Recorded information:
______________________________
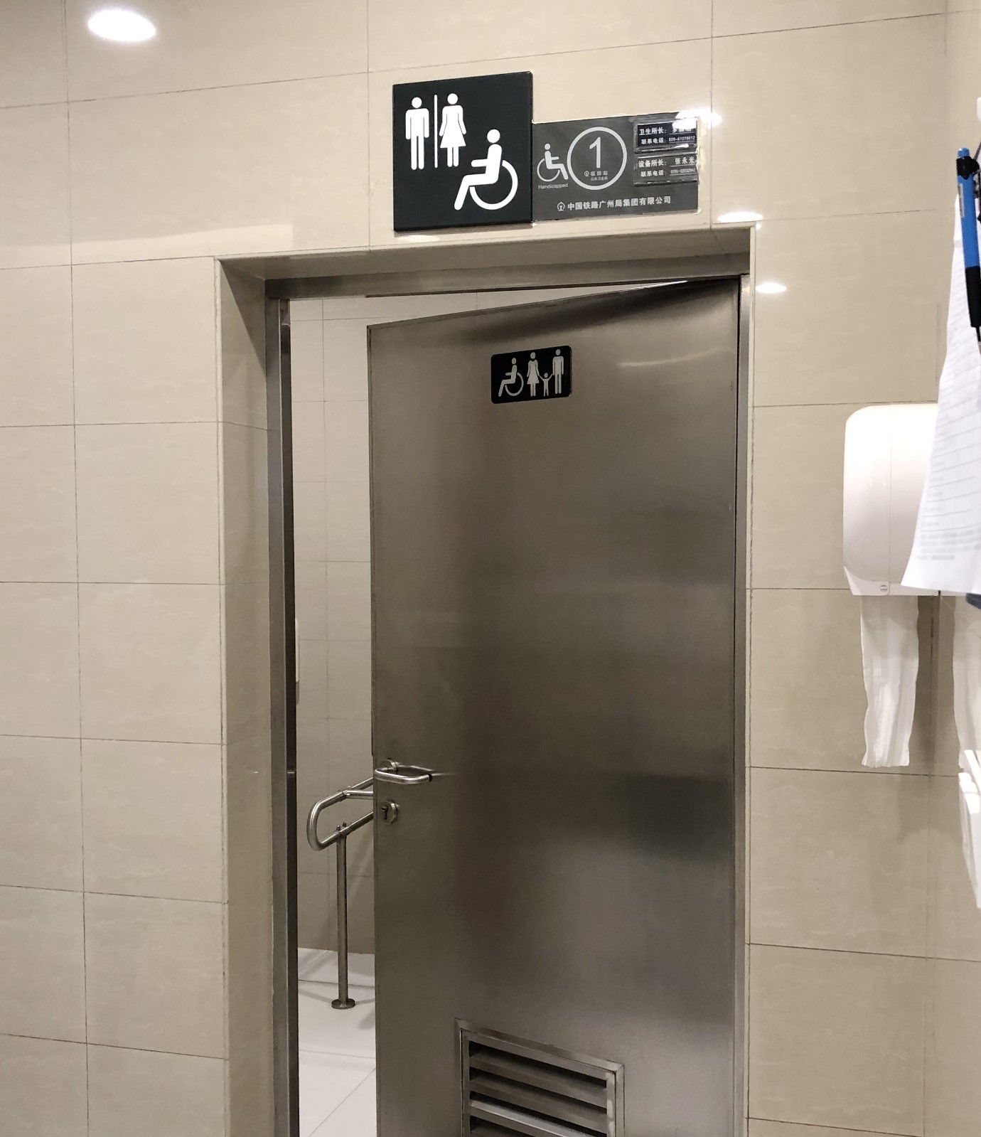 ▲同時(shí)記者留意到,在高鐵站沿路的洗手間指引標(biāo)識牌上,僅標(biāo)注了男女洗手間和殘疾人洗手間的標(biāo)識,卻沒有第三方洗手間的指引標(biāo)識,只有在殘疾人洗手間的門上才能看到“一家三口手拉手”的圖案標(biāo)識,不方便有需要的市民“按圖索驥”。且該洗手間位置處于男洗手間入口通道內(nèi),如果女性帶孩子進(jìn)入使用,不免有些尷尬。
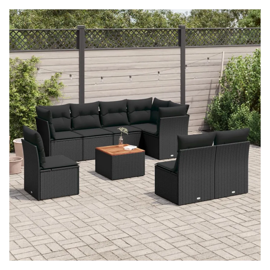 Cet ensemble de canapés de jardin est le complément parfait de votre arrière-cour, terrasse ou patio, offrant un espace confortable et accueillant pour discuter avec la famille et les amis ou simplement se détendre et profiter de l'extérieur. Matériau durable : la résine tressée, également connue sous le nom de poly rotin, est un matériau synthétique solide et nécessitant peu d'entretien qui ressemble au rotin naturel. Il est léger, facile à nettoyer et couramment utilisé pour les meubles d'extérieur en raison de sa durabilité et de ses propriétés de résistance aux intempéries.Fonction de rangement avec sac résistant à l'eau : chaque siège de jardin dispose d'un espace de rangement sous l'assise, complété par un sac résistant à l'eau pour ranger les coussins, les jouets et d'autres objets. Les sacs intérieurs sont dotés d'un couvercle et peuvent être solidement fixés aux sièges à l'aide de bandes auto-agrippantes pour plus de stabilité.Dessus stable et facile à nettoyer : cette table de jardin a un dessus en bois d'acacia robuste, durable et facile à nettoyer avec un chiffon humide.Housse amovible et lavable : ces coussins de siège sont dotés de housses amovibles pour un lavage et un entretien faciles.Conception modulaire : cet ensemble de meubles d'extérieur a une conception modulaire, ce qui le rend complètement flexible et facile à déplacer, afin que vous puissiez créer un agencement de meubles d'extérieur personnalisé. Bon à savoir :Pour que vos meubles d'extérieur restent beaux, nous vous recommandons de les protéger avec une housse imperméable.
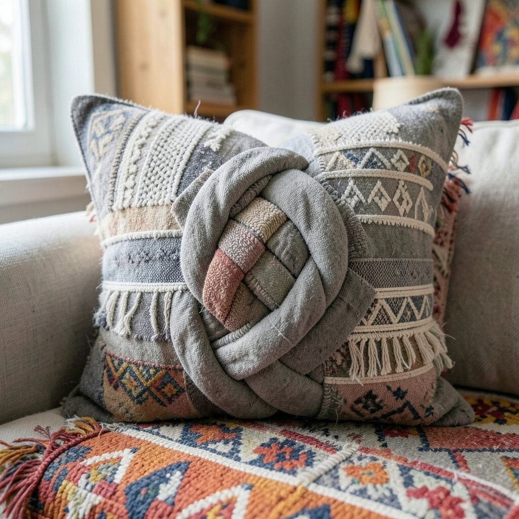 Embrace your free spirit with a bohemian knot pillow. This design involves using various textures and patterns for a unique look. Use grey fabric with different patterns to create a boho-chic pillow.
______________________________
Problem: An exact copy of the data above is required, printed without its pictures.

Answer area:
 ▲同時(shí)記者留意到,在高鐵站沿路的洗手間指引標(biāo)識牌上,僅標(biāo)注了男女洗手間和殘疾人洗手間的標(biāo)識,卻沒有第三方洗手間的指引標(biāo)識,只有在殘疾人洗手間的門上才能看到“一家三口手拉手”的圖案標(biāo)識,不方便有需要的市民“按圖索驥”。且該洗手間位置處于男洗手間入口通道內(nèi),如果女性帶孩子進(jìn)入使用,不免有些尷尬。
 Cet ensemble de canapés de jardin est le complément parfait de votre arrière-cour, terrasse ou patio, offrant un espace confortable et accueillant pour discuter avec la famille et les amis ou simplement se détendre et profiter de l'extérieur. Matériau durable : la résine tressée, également connue sous le nom de poly rotin, est un matériau synthétique solide et nécessitant peu d'entretien qui ressemble au rotin naturel. Il est léger, facile à nettoyer et couramment utilisé pour les meubles d'extérieur en raison de sa durabilité et de ses propriétés de résistance aux intempéries.Fonction de rangement avec sac résistant à l'eau : chaque siège de jardin dispose d'un espace de rangement sous l'assise, complété par un sac résistant à l'eau pour ranger les coussins, les jouets et d'autres objets. Les sacs intérieurs sont dotés d'un couvercle et peuvent être solidement fixés aux sièges à l'aide de bandes auto-agrippantes pour plus de stabilité.Dessus stable et facile à nettoyer : cette table de jardin a un dessus en bois d'acacia robuste, durable et facile à nettoyer avec un chiffon humide.Housse amovible et lavable : ces coussins de siège sont dotés de housses amovibles pour un lavage et un entretien faciles.Conception modulaire : cet ensemble de meubles d'extérieur a une conception modulaire, ce qui le rend complètement flexible et facile à déplacer, afin que vous puissiez créer un agencement de meubles d'extérieur personnalisé. Bon à savoir :Pour que vos meubles d'extérieur restent beaux, nous vous recommandons de les protéger avec une housse imperméable.
 Embrace your free spirit with a bohemian knot pillow. This design involves using various textures and patterns for a unique look. Use grey fabric with different patterns to create a boho-chic pillow.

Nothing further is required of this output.